We use cookies. You have options. Cookies help us keep the site running smoothly and inform some of our advertising, but if you’d like to make adjustments, you can visit our Cookie Notice page for more information.
We’d like to use cookies on your device. Cookies help us keep the site running smoothly and inform some of our advertising, but how we use them is entirely up to you. Accept our recommended settings or customise them to your wishes.
×

BigQuery: Getting Started With Your Google Analytics Data

Need some help getting to grips working with Google Analytics data in BigQuery? In this blog, we've compiled some example queries to help you get started. For further support or any questions/requests, please get in touch!

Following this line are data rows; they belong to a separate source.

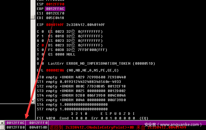 且现在ebp的地址存放的是上一个函数ebp的地址,ebp后面的地址存放的是返回地址。
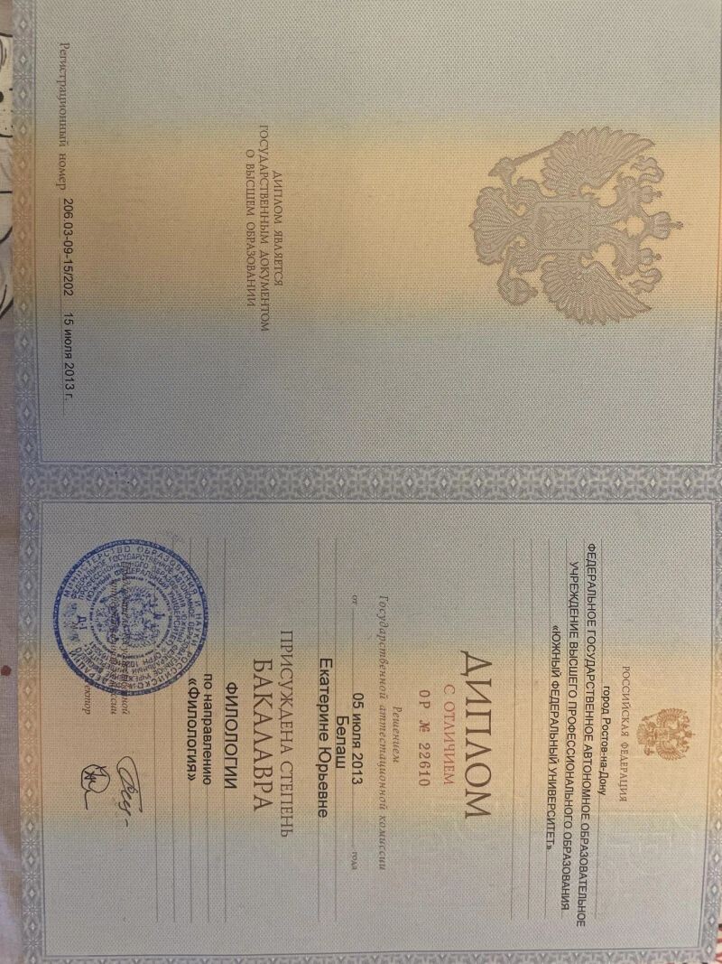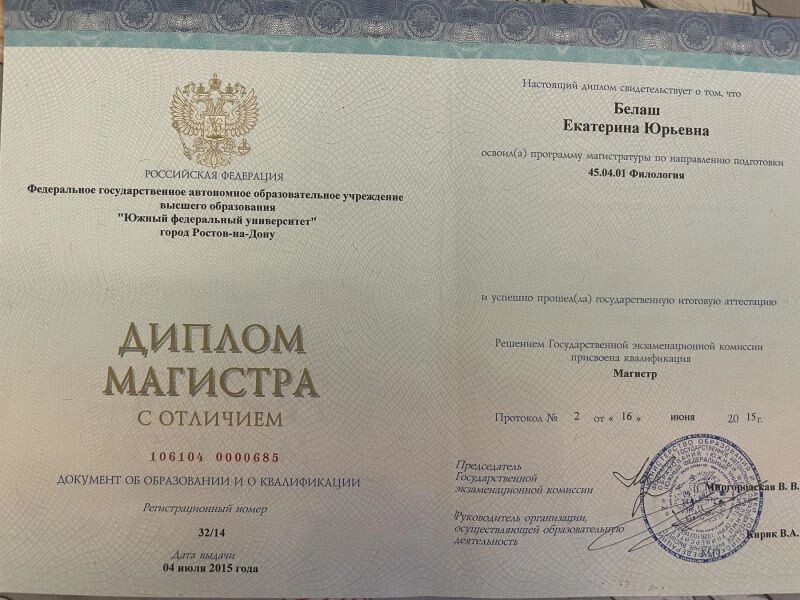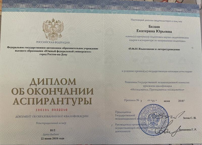 - Южный федеральный университет, программа «Языкознание и литературоведение», 2018 г.
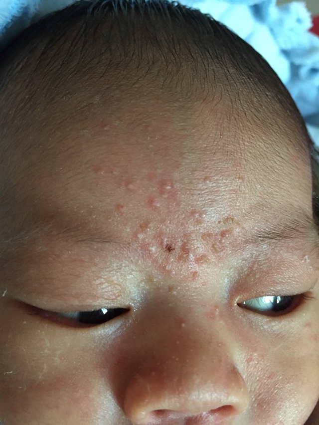 湿疹,我宝宝月子里满脸都是,还很红,每天保持皮肤干燥清爽,不要用手碰,不要捂太厚,母乳的话饮食清淡,最好别自己买药,一般药物都有激素的,对宝宝也不好,出月子慢慢就好了,
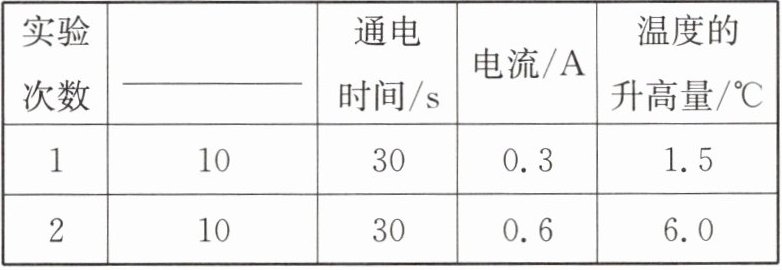 (2)小明先读出烧瓶内液体的初温,闭合开关,通电$30\ s$,再读出烧瓶内液体的温度,得到温度的升高量,填入表中,然后移动滑动变阻器的滑片改变电流大小,重复上述操作,获得了第二组数据(如表所示)。
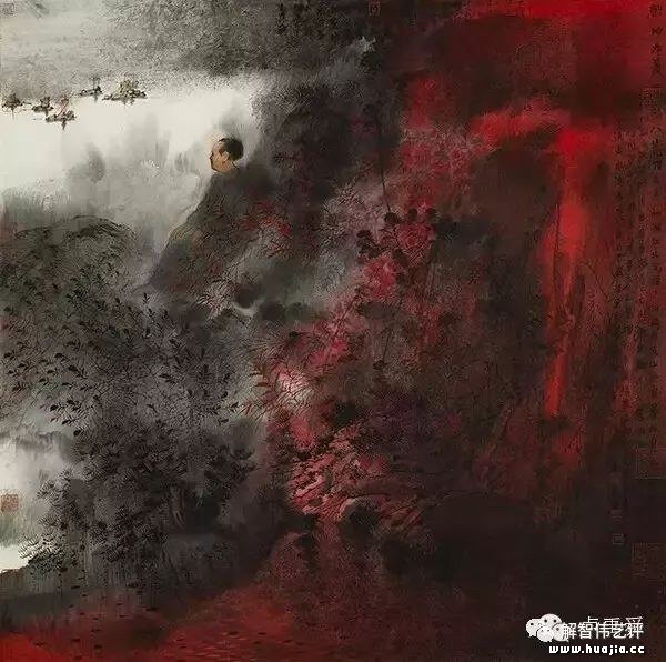 (卢禹舜作品) 卢禹舜说他的作品基本上围绕着两大意象展开自己的艺术空间,-一是宏观的宇宙洪荒之景象,二是以唐人诗意为题的山水。“天地有大美而不言”,卢禹舜不说,我们自然无法体悟卢禹舜作品中真正的美感与自然的本质具有超感官的无限性特点。 是不说,是不可说,还是作品本身就缺乏美感,从卢禹舜大量作品中我们分析研究,发现卢禹舜作品确实是无美可言。
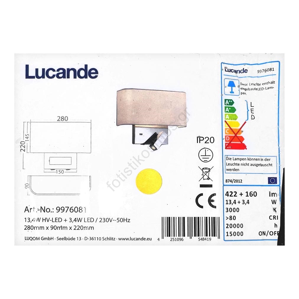 • Το φωτιστικό διαθέτει ενσωματωμένη ενεργειακή αποδοτική LED πηγή φωτός.
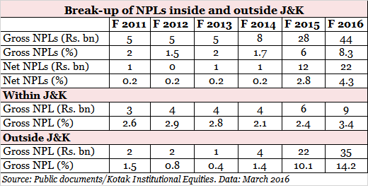 Things turned out differently. Asset quality woes outside the State kept deteriorating with gross bad loans reaching a whopping 14% of loans outside the State. Even within the State asset quality worsened progressively even before the political situation turned for the worse.

Google Analytics Dimensions and Metrics

Calculating Sessions

There are at least three BigQuery session calculations, the three main ones we use are:

  1. Total unique session IDs ignoring the session-break at midnight (fullVisitorId+visitId).

  2. Total unique session IDs including the session-break at midnight (fullVisitorId+visitStartTime).

  3. Count of sessions excluding sessions comprising of non-interaction hits only (totals.visits).

The most accurate session identifier is:

CONCAT(STRING(visitId),"-",fullVisitorId) AS sessionId

 

The hyphen prevents excel from truncating the ID.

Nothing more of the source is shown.